═════ Exercise data
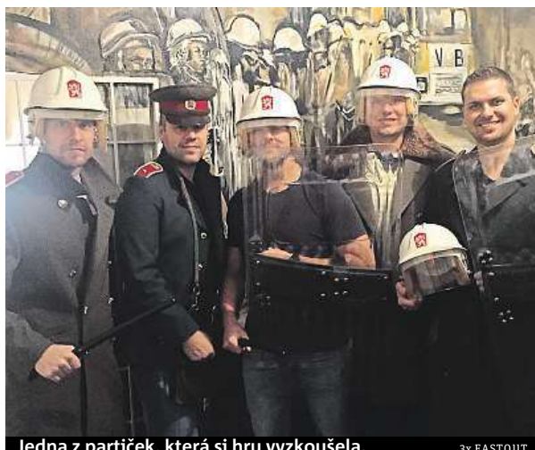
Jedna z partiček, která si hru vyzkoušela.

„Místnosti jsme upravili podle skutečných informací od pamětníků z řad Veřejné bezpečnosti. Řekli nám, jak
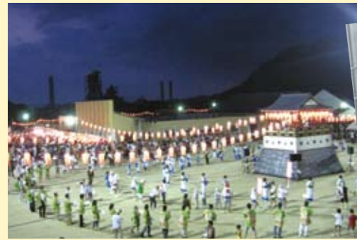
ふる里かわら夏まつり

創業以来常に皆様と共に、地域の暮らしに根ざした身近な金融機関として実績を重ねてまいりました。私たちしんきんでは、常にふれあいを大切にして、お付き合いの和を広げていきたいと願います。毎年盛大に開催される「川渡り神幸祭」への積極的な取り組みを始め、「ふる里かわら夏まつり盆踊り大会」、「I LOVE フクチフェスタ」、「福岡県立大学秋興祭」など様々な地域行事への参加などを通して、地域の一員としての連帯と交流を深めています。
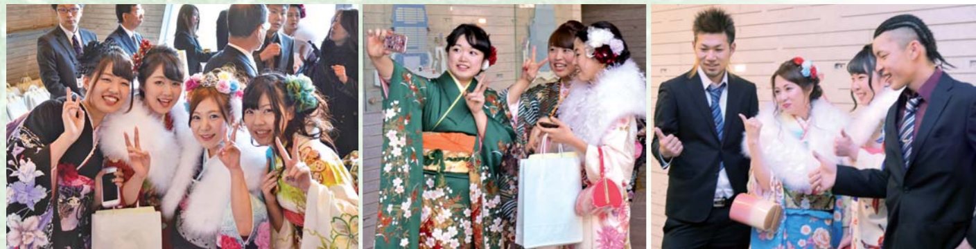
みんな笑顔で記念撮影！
══════════
═════ Exercise data
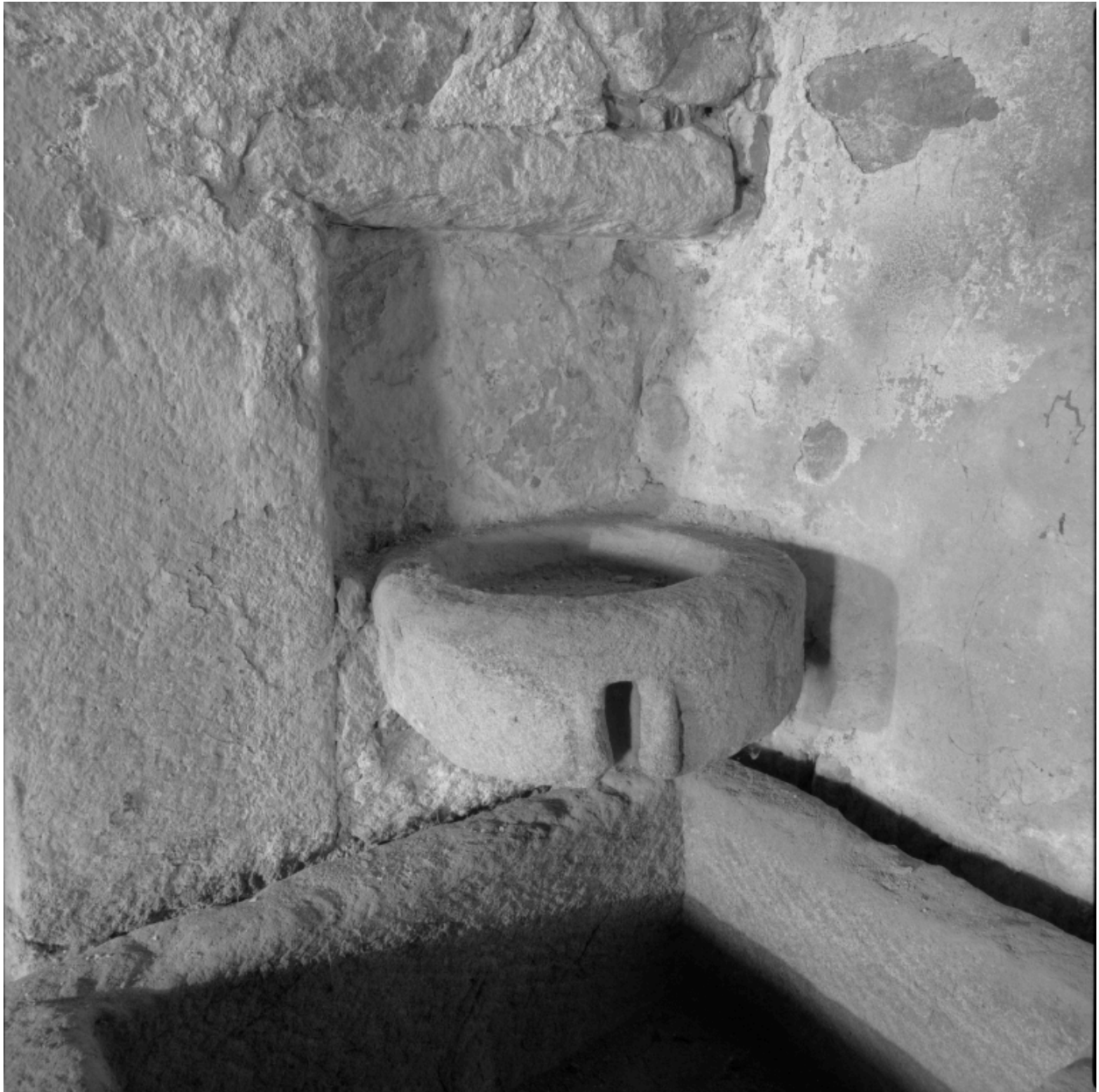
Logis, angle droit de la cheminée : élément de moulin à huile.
══════════
═════ Exercise data
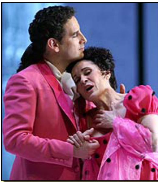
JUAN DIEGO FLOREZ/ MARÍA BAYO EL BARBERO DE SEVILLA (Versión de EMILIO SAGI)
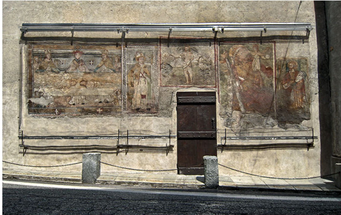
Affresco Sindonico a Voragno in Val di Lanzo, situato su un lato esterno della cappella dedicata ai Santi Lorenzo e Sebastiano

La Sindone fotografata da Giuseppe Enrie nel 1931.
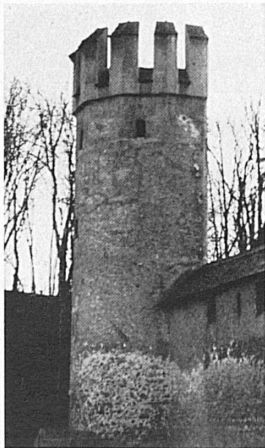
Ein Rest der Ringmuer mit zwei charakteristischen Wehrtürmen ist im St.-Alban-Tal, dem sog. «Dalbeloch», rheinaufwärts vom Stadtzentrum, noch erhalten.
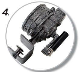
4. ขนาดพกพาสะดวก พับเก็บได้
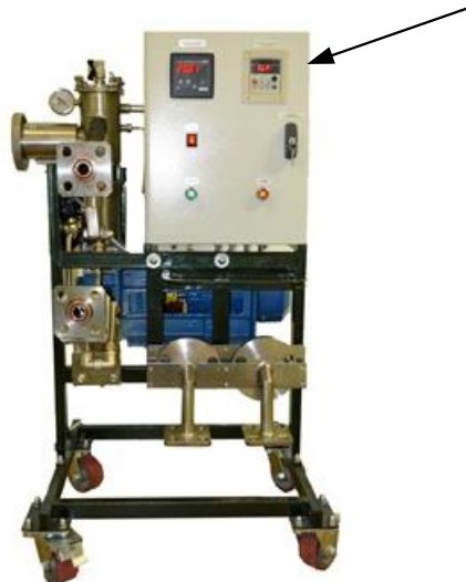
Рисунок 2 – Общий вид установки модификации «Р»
══════════
▶ _Problem requirements_: Transcribe the listing above exactly, but only from the line with "Affresco Sindonico a" through the line with "Рисунок 2 –". Include both of those lines and omit the pictures.

▶ _Finished task_:
Affresco Sindonico a Voragno in Val di Lanzo, situato su un lato esterno della cappella dedicata ai Santi Lorenzo e Sebastiano

La Sindone fotografata da Giuseppe Enrie nel 1931.
Ein Rest der Ringmuer mit zwei charakteristischen Wehrtürmen ist im St.-Alban-Tal, dem sog. «Dalbeloch», rheinaufwärts vom Stadtzentrum, noch erhalten.
4. ขนาดพกพาสะดวก พับเก็บได้
Рисунок 2 – Общий вид установки модификации «Р»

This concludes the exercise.